-
Notifications
You must be signed in to change notification settings - Fork 7
Data Input Files
The following image is obviously a whiteboard photo. It was from a discussion about some experiences, observations, and proposals with respect to using dataframes representing the full initial agent state as LASER model inputs.
The top section attempts to capture Jonathan's approach in which the LASER model ingests a pre-created dataframe of agents: N agents, each of which have some small number of properties, each of which have a certain value at each timestep, including at t=0. In fact, both models do this. In Jonathan's model, the task of turning parameters into a model population state dataframe is treated as a separate, explicit pre-processing step. In Christopher's version, it's more implicit in the case of a Synthetic Population. In Jonathan's model, which uses a EULA-ified cohort, the input model is split into the modeled agents and the "massively compressed EULA agents". So two files really.
Note that there are at least 2 and probably 3 types of input populations we want to support:
- Synthetic Populations
Synth-Pops are, as they sound, entirely made up populations with varying levels of fidelity to real world detail. In the most extreme, it's a population of N agents in a single node, with no defined age or sex or any other realistic demographics properties. Or the agents can be spread mathematically across M nodes. It is desirable to be able to do this by just setting a few parameters. And if the population does need some formulaic (non-data-driven) age structure, and expected lifespan, it can be nice if that can be done with parameters or code.

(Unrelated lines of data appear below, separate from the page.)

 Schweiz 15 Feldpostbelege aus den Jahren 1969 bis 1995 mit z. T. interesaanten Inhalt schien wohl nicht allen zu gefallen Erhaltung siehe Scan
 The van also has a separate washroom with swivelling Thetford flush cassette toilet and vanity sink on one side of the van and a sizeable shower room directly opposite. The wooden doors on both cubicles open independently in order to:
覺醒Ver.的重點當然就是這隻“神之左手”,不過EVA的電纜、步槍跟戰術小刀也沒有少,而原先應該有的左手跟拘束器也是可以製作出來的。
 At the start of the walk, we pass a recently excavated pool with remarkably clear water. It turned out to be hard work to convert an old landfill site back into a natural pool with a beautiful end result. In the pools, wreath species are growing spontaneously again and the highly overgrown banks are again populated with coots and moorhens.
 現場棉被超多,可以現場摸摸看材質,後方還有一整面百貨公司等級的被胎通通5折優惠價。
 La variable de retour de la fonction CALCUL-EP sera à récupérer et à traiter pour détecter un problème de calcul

- Real World Populations (esp England & Wales, and Northern Nigeria right now)
These are populations of agents matching to some input datasets representing a real place in space and time. In this case we almost certainly do want a full dataframe of agents with properties as our model input.

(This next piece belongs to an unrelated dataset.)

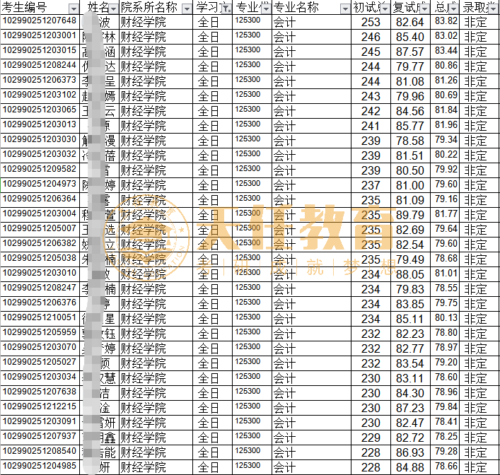 2020年,会计专硕录取55人,复试分数线217分。其他信息院校未公开。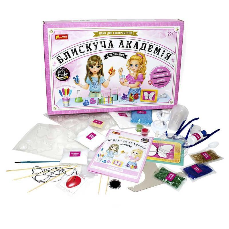 Набор для научных экспериментов 'блестящая академия для девочек' 12114121у / 9789у 'ранок'

- Serialized Model State Populations or Serialized Population Files (SPFs)
It can often be desirable to save the population state in the "middle" of a simulation, and use that output file as an input file to a subsequent simulation. If that literal output file can be used as a literal input file, that is a very robust design capability.

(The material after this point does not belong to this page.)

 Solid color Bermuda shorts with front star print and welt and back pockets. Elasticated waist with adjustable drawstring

This is also represented to some degree in this diagram:
One of the points I'd like to emphasize is that "modeled population as dataframe-on-disk" is explicit in 2 and 3 and implicit in 1. Except that in 1 it doesn't have to be on-disk, it can be in memory. So the "Synthetic Population with a few parameters and no files" is really a special case. We do want to support it and make it easy but from a software point of view, the less bespoke it can be the better. My proposal here is that the model itself always ingest population dataframes, and we just have 2 or 3 input pipelines (pre-processing) ways of doing that:
- Load literal population from file-on-disk;
- Create in-memory dataframe from parameters and code.